Generally they reflect consistent theories and Maxwell is not about to re-write the books.
However, for the person reading this catalogue with the intent of purchasing an anchoring
system for a boat, we felt a brief summary regarding acceptable anchoring technique could
prove useful and informative.
- Before deciding where you want to anchor, slowly cruise around the anchoring site and check the boats already at anchor, to ensure you have enough room to swing.
- Allow adequate room around the spot where you wish to anchor. Remember that power vessels swing differently than yachts. Boats on rope rodes swing around more than those on chain.
- Slow down and keep the bow into the wind, or current, whichever is stronger and as the boat comes to a complete stop, start to lower the anchor.
- After lowering the anchor, either drift back or slowly reverse while paying out the anchor rode, in order to ensure the anchor is set (holding firm).
- The amount of anchor rode you pay out should always be at least three times the depth of water in which you are anchoring.
- Do not switch off the engine until you are sure the anchor is set (holding firm). The engine may not restart. Use buoys as reference points if they are available or, if close to shore, use prominent landmarks to check you are holding your position.

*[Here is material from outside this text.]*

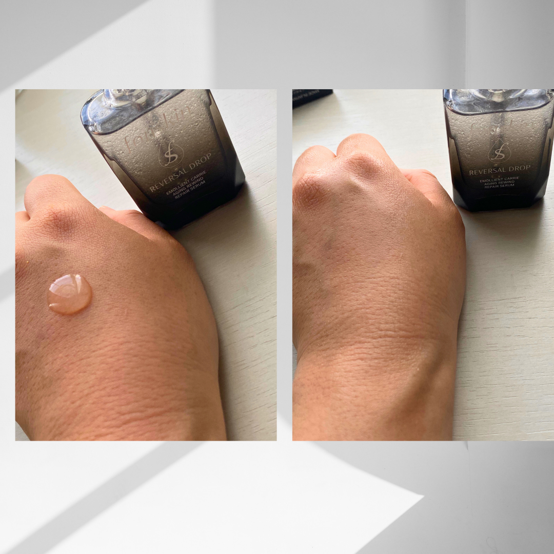 少しだけとろみのあるテクスチャーになっていますがベタつきが少なく 肌馴染みがいい感じだと思います。 人口香料&人口色素無添加というところ。 そのほかに、アンプル容器もこだわっていてスポイト容器だと最後まで使いきれないという悩みも解消してくれるような「使う人」のことを考えている商品なんです。

- Once anchored, secure your anchor rode with the chain stopper or secure to a deck cleat or bollard with a hitch that is easy to cast off. Do not anchor off your winch.
- Have a small buoy handy, which you can tie to the end of your anchor rode in case you have to slip your anchor. You will then be able to recover your anchor & rode later.
- Your boat should always be anchored via the bow.
- Check your position frequently when at anchor. You may have dragged.